Investors can get a taste of KFC, McDonald’s or Hungry Jack’s
Investors hungry for a taste of the fast food market will have their choice of McDonald’s, Hungry Jack’s or KFC when a $60 million portfolio of commercial properties goes under the hammer.
Cushman & Wakefield expects strong interest in the 15 alternative investment properties, given fast food, childcare, and fuel and convenience retail assets have been popular during the coronavirus pandemic.
The portfolio includes properties with long-term leases with Hungry Jack’s, KFC and McDonald’s, seven childcare centres, a National Australia Bank branch in Wagga Wagga, NSW, and a Mitre 10 in Queensland’s Airlie Beach.
Cushman & Wakefield said the portfolio was expected to sell for about $60 million in total in the 10 December auction in Sydney.
“We anticipate a huge level of interest in the upcoming auction, particularly as fast food properties have continued to be one of the best performing assets during the pandemic,” Cushman & Wakefield associate director Tom Moreland said.
“Childcare centres also remain high on investors’ wish lists due to the strong government support provided at the start of COVID-19, with many investors viewing the sector as highly resilient.”
In its November portfolio auction, Cushman & Wakefield sold 12 assets for more than $60 million. The portfolio included Woolworths Caltex-branded fuel and convenience assets sold amid strong demand from investors, as well as retail, childcare and medical assets.
“We continue to see the market for private investment strengthen, given the sheer weight of capital targeting defensive assets and yield,” Cushman & Wakefield head of national investment sales Michael Collins said on Monday.

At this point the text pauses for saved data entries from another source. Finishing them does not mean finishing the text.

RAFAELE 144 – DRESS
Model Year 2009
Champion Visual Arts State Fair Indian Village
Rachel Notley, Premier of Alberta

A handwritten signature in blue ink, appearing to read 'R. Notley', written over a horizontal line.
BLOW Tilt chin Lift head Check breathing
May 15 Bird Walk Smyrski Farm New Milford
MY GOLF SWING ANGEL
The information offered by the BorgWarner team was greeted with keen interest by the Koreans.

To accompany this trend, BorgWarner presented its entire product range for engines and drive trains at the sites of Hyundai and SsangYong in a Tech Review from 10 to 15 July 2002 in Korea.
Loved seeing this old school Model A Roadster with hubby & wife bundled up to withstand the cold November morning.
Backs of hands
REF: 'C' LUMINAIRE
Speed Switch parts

“The results of our recent portfolio auction show that the appetite among high-net-worth investors for properties with long-term leases and blue-chip tenants continues to grow.”

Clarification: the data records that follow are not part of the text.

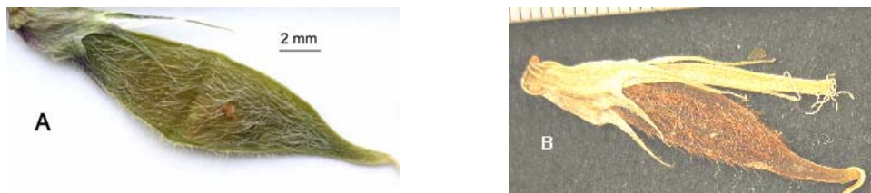
Figure 3. Vicia chaetocalyx . A. legume and calyx of a collected plant near Valleseco on 02-27-2001. B. legume from the holotype near Telde.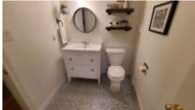
Pic. 32: Basement powder room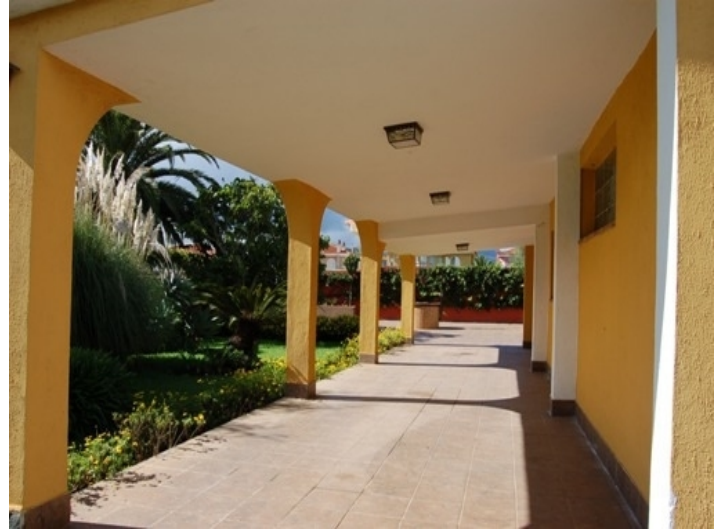
Porch alongside the garden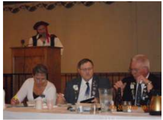
Is that really a pirate at the Cabinet meeting?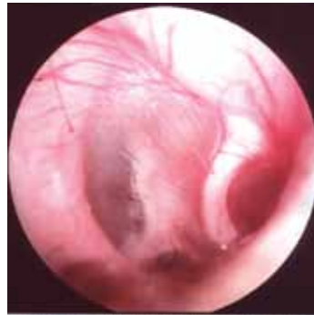
Normal Feline Right Eardrum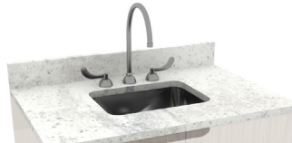
HND3 Paddle handle 8" gooseneck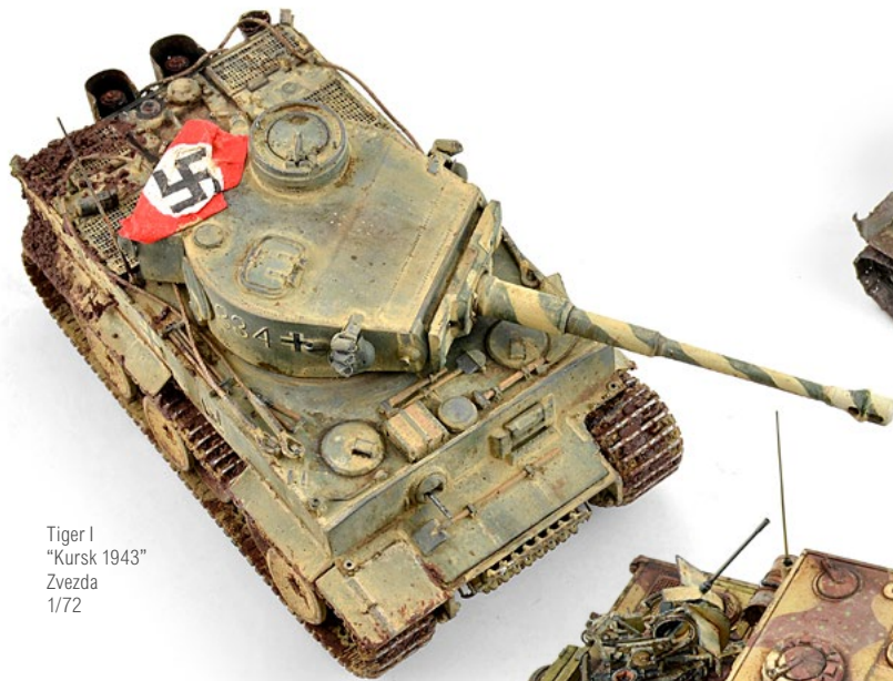
Tiger I "Kursk 1943" Zvezda 1/72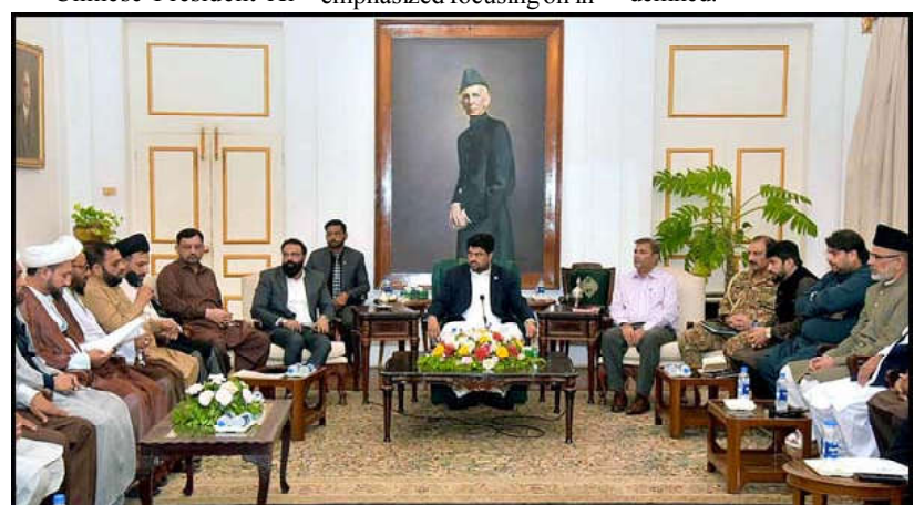
KARACHI: A delegation of Tanzeem-e-Azadari meeting with Governor Sindh Kamran Khan Tessori

The PPP Chairman saluted the Jiyalas (party workers) who were flogged, endured the hardships of imprisonment and embraced martyrdom for the sake of democracy during the Zia regime.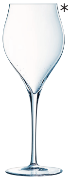
30 cl - 10½ oz Flute Ø M = 78 mm H = 211 mm W = 150 g Q1151 4 x 6 pack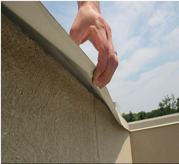
LIGHT GAUGE OR RESIDENTIAL METAL EDGING CAN EASILY BEND. THIS APPLICATION IS ALSO MISSING CONTINUOUS CLEATING.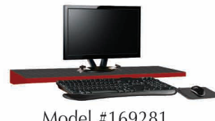
Model #169281 Wall-Mount Technology Shelf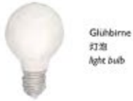
Glühbirne 灯泡 light bulb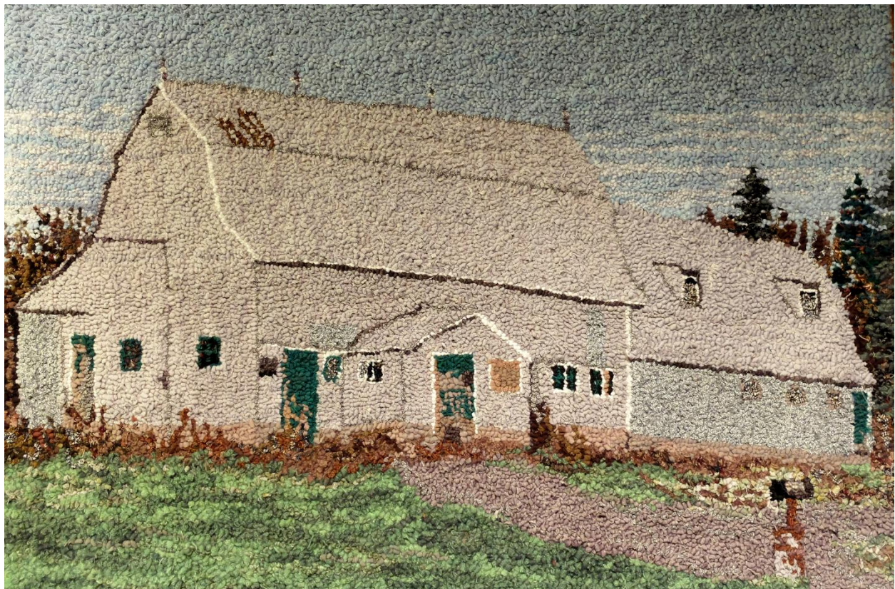
Joanna Close, The Barn 2012

Mount Saint Vincent University students, staff, faculty and alumnae were invited to enter up to three examples of their creative work in the annual extravaganza. All mediums were welcome (visual art, music, performance, poetry, craft, literary, basketry, beading, baked goods, etc.).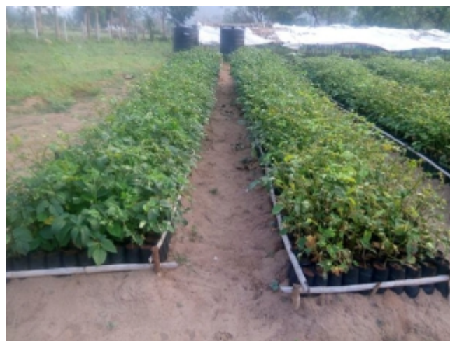
Nursery Phase for Oroxylum indicum plantations in Dist East Godavari (AP)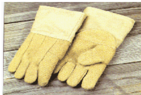
Heavy-duty PBI Gloves and Mitts. Double wool-lined palms. Provide protection at temperatures up to 927°C (1700°F). Ideal for foundry work, metal curing and refining, aluminum extrusion, and welding. Available in packs of 1 pair.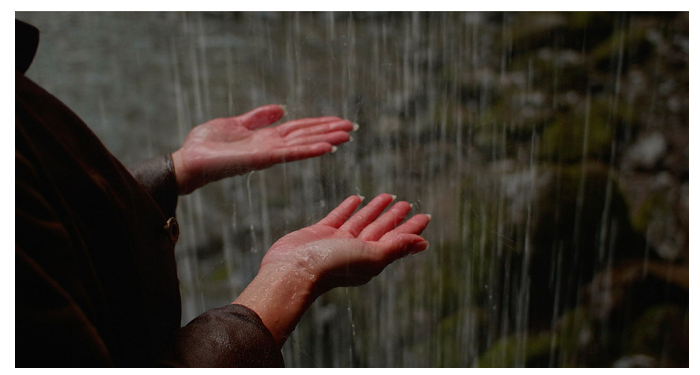
Sky Hopinka, małni: towards the ocean, towards the shore, 2020.

Fundamental to "Shoreline Movements" is the conviction that the moving image possesses the capacity to gather people, in real and imagined ways, around an object of shared concern: reality itself. To care for reality is not to assert the goodness or adequacy of the world that exists; on the contrary, it is to see that the building of a new world is imperative. The common world is a future horizon, an ongoing project; as Hannah Arendt affirms, it must be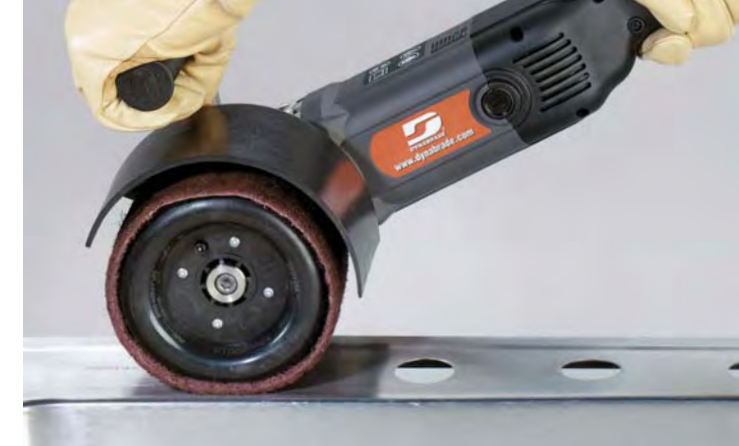
Operator moves Electric Dynisher® in easy front-to-back motion, with tool guard adjustable for optimum use. Pneumatic Wheel is optional.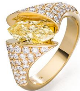
RING | REF. CALFP (YELLOW MARQUISE CUT)

The firm said the December auction was expected to be led by a Gold Coast fast food and convenience retail investment jointly leased by United Petroleum and KFC franchisee Collins Foods, with a price guide upwards of $8.5 million.
A property occupied by KFC for 30 years in Dee Why in northern Sydney was expected to sell for more than $6 million.
The December portfolio covers freestanding investments in NSW, Queensland and Victoria.
The childcare centres include a new Brisbane facility with a 20-year initial lease term.
There has been strong demand for service stations and convenience retail assets during the pandemic, with unfulfilled pre-coronavirus demand continuing to fuel the sector.
Six of the 21 properties listed for sale at Burgess Rawson’s final portfolio auction event of the year on 9 December are service stations, with the asset class continuing to experience significant turnover as both vendors and buyers take advantage of strong trading conditions.